Investments by companies and venture capitalists in agricultural technology reached a record of as much as $25 billion globally in 2015, and that figure will probably grow again this year, according to a private report.
Real-time data analytics, sensors and robots are raising the prospect of the “next green revolution” and are spurring start ups, according to the report released Tuesday by Boston Consulting Group and AgFunder, which connects investors with agricultural companies and proposals online. The investments include research and development, deals, partnerships, equity stakes and technology centers. Early-stage funding from venture capital firms reached $3 billion globally, up from $900 million in 2013 and $400 million in 2010, the groups said.
“The total dollars were impressive,” said Decker Walker, Boston Consulting Group’s managing director in the Chicago office and one of the report’s authors. “It is striking that it’s happening at a time when farmer income is declining.”

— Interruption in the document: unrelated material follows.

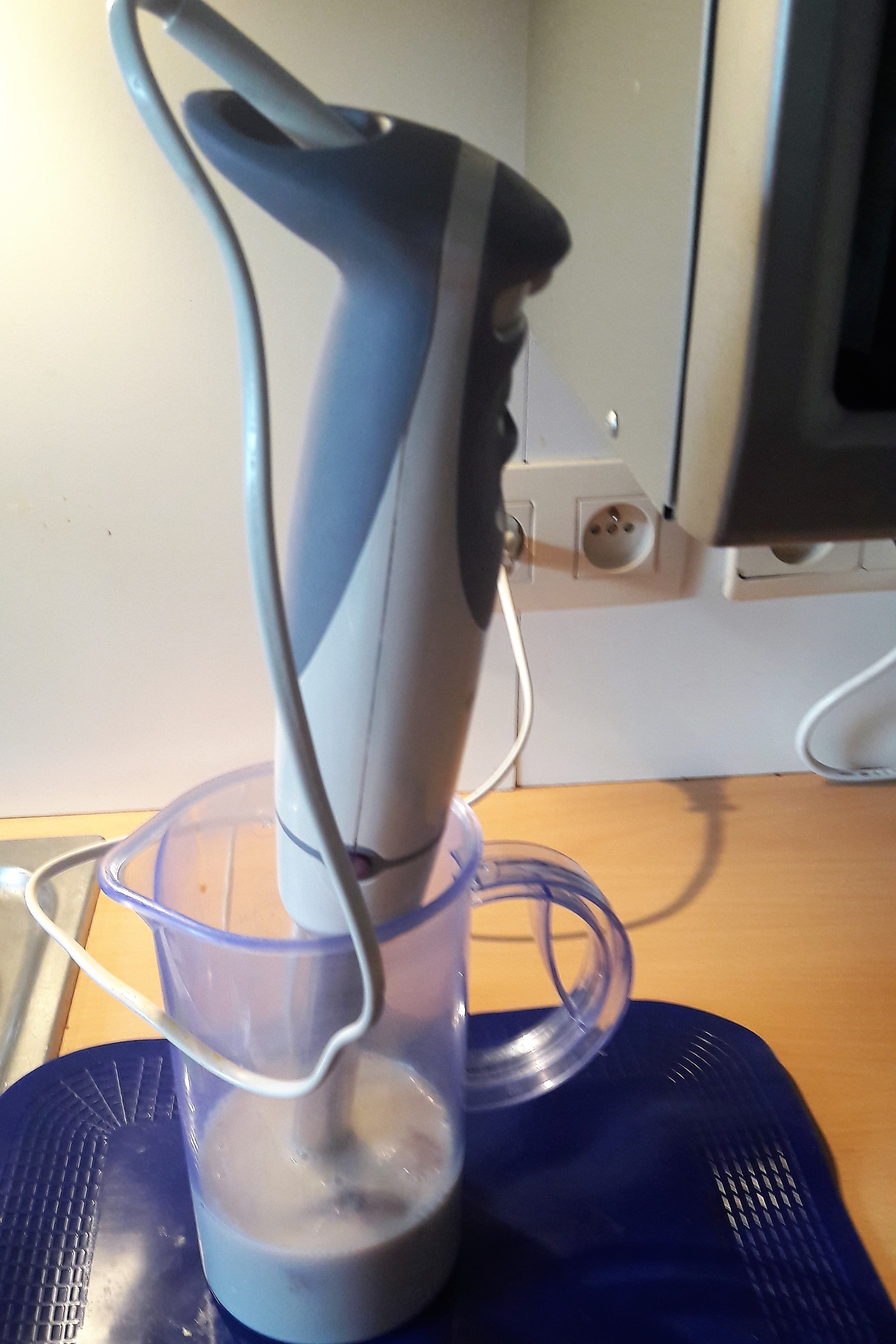 Een staafmixer en een antislipmatje. (Of een blender, maar ik vind dat wat te veel gedoe voor zo’n simpel recept.)

Slumping grain, meat and dairy prices have eroded agriculture incomes, sparking more farmers to adopt so-called precision-agriculture methods to help increase efficiency. Companies including Deere & Co. are joining the race to create new products for the market that Goldman Sachs Group Inc. estimates could be worth $240 billion by 2050. The U.S. Department of Agriculture said in a report last week that the new technologies are helping to boost profits.
“There is clearly some optimism despite the shrinking farmer wallet size,” Walker said.

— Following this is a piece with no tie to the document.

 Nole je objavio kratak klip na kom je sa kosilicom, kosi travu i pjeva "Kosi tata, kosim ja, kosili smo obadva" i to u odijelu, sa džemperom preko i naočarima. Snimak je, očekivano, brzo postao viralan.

The technologies encompass everything from granular data analysis that enhances planting decisions to drones that provide field views around the clock. The report’s findings reflect a survey of more than 50 executives from seed, fertilizer, meat, grain and farm-equipment companies as well as 15 venture-capital investors.
The surge in technology may be coming later than other industries because past challenges have included a lack of connectivity on vast, remote farms, Walker said. The perception of agriculture being a “sleepy industry” that’s slow to adopt technology is changing, he said.
About 80 percent of large U.S. farmers are using GPS devices to steer their tractors, while 70 percent to 80 percent use yield mapping to determine the most productive areas of their land, the USDA estimates. Crop protection and seed companies have invested the highest percentage of revenue in “agtech,” according to the private report.
Still, the agribusiness investments are often “cautious” and “defensive,” meaning they are geared to boost core businesses rather than create new ones, according to the report. About 58 percent of the venture capital firms said they expect their investments in start ups to lead to sales to larger agricultural companies, rather than disrupt the big players, Walker said.
To “win” in this area, companies should focus products and services around their customers, identify who in the firm is responsible to scout out new investments and ensure access to early-state technologies, according to the report.